Desenvolvimento e uso de engenharia genética

Uma melhor compreensão do gene e de sua ação levou os cientistas a desenvolver técnicas que lhes permitem alterar a estrutura do DNA. Alterar a estrutura de uma molécula de DNA por meio da substituição de genes de outra molécula de DNA é chamado de engenharia genética. A molécula de DNA que é formada pela combinação de duas moléculas de DNA diferentes é chamada de DNA recombinante.

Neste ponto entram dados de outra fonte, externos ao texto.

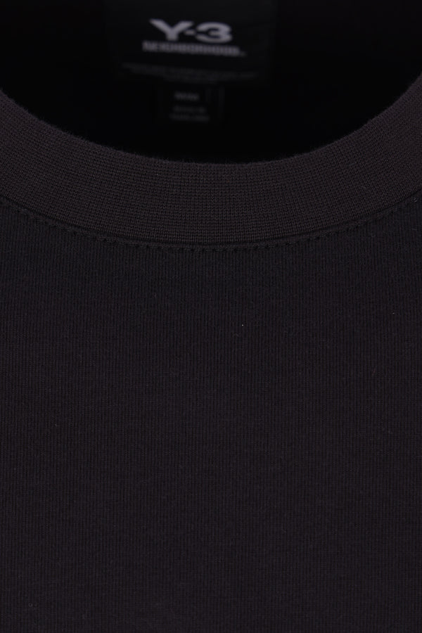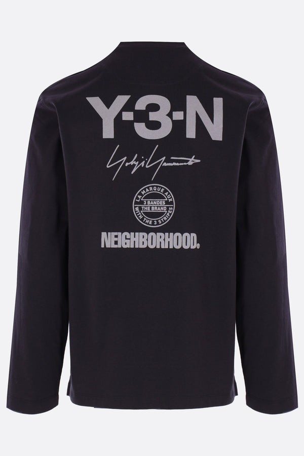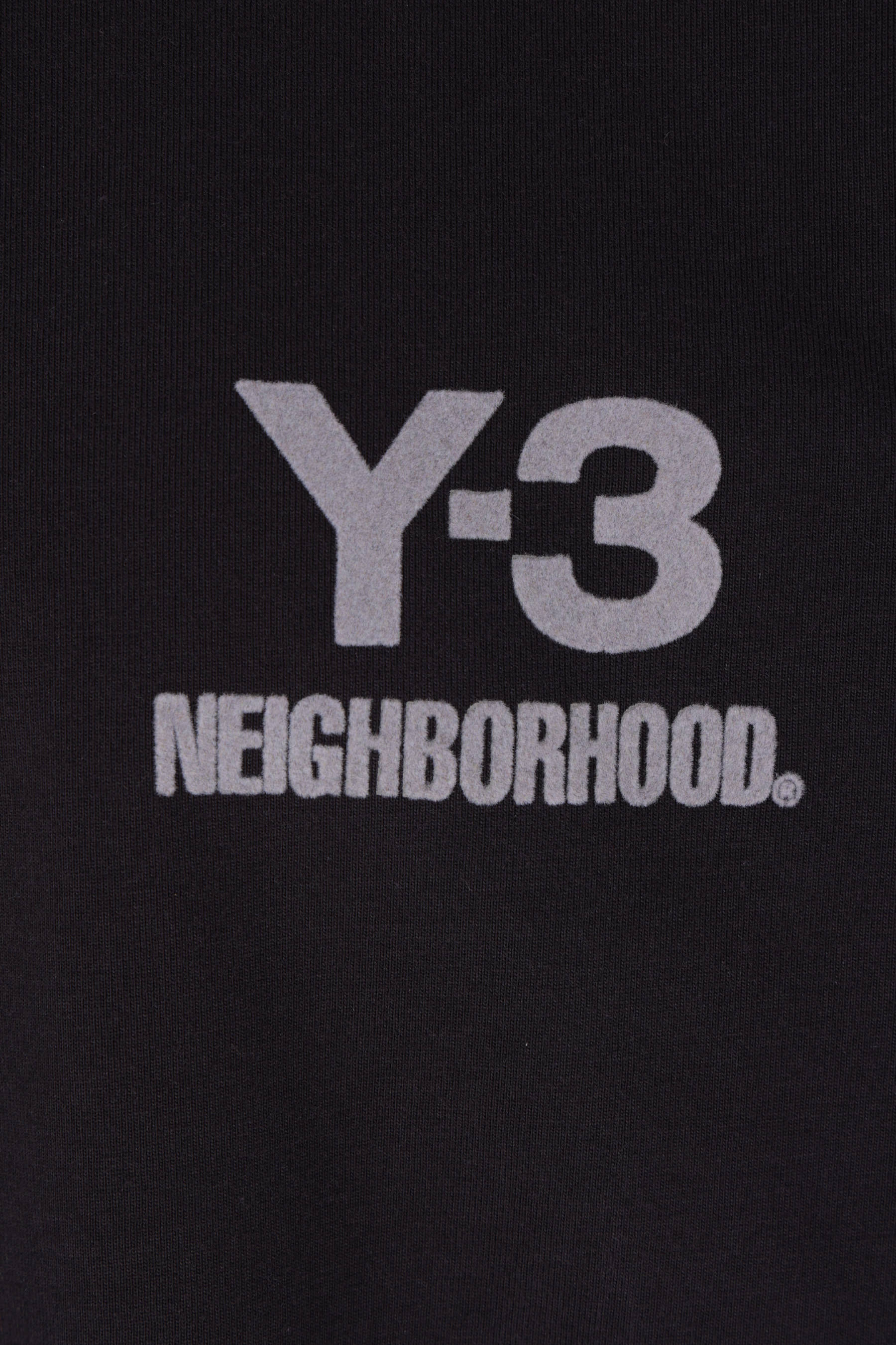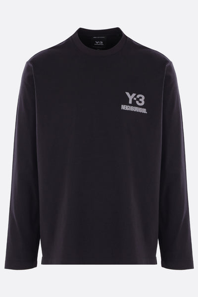 Y-3 x Neighborhood t-shirt crafted from black cotton jersey with logo prints on the chest and back. Features a crew neckline, long sleeves, and a straight hem with small side slits.

Os cientistas usam a bactéria Escherichia coli para estudar o DNA recombinante. E. Coli tem um grande cromossomo no citoplasma. A bactéria também pode conter plasmídeos, que são pequenos pedaços circulares de DNA. O cromossomo e os plasmídeos são duplicados cada vez que a célula se divide. Os engenheiros genéticos podem introduzir genes em um plasmídeo para alterar as reações químicas dentro da célula. Então, o DNA desse plasmídeo é quebrado, a certa altura, por um tipo especial de enzima. Ao mesmo tempo em que o plasmídeo se quebra, um pedaço de outra molécula de DNA se quebra da mesma maneira. Este pedaço de DNA é então introduzido no plasmídeo. O plasmídeo dividido se liga ao novo pedaço de DNA e retorna à estrutura circular original. Esta técnica é chamada de DNA splicing. O novo plasmídeo é uma combinação da molécula de DNA original e um novo pedaço de DNA. Este plasmídeo é reintroduzido na bactéria. Quando a bactéria se duplica, o novo DNA também se duplica. Desta forma, por exemplo, o gene da insulina pode ser introduzido em um plasmídeo bacteriano para que a bactéria sintetize a proteína insulina.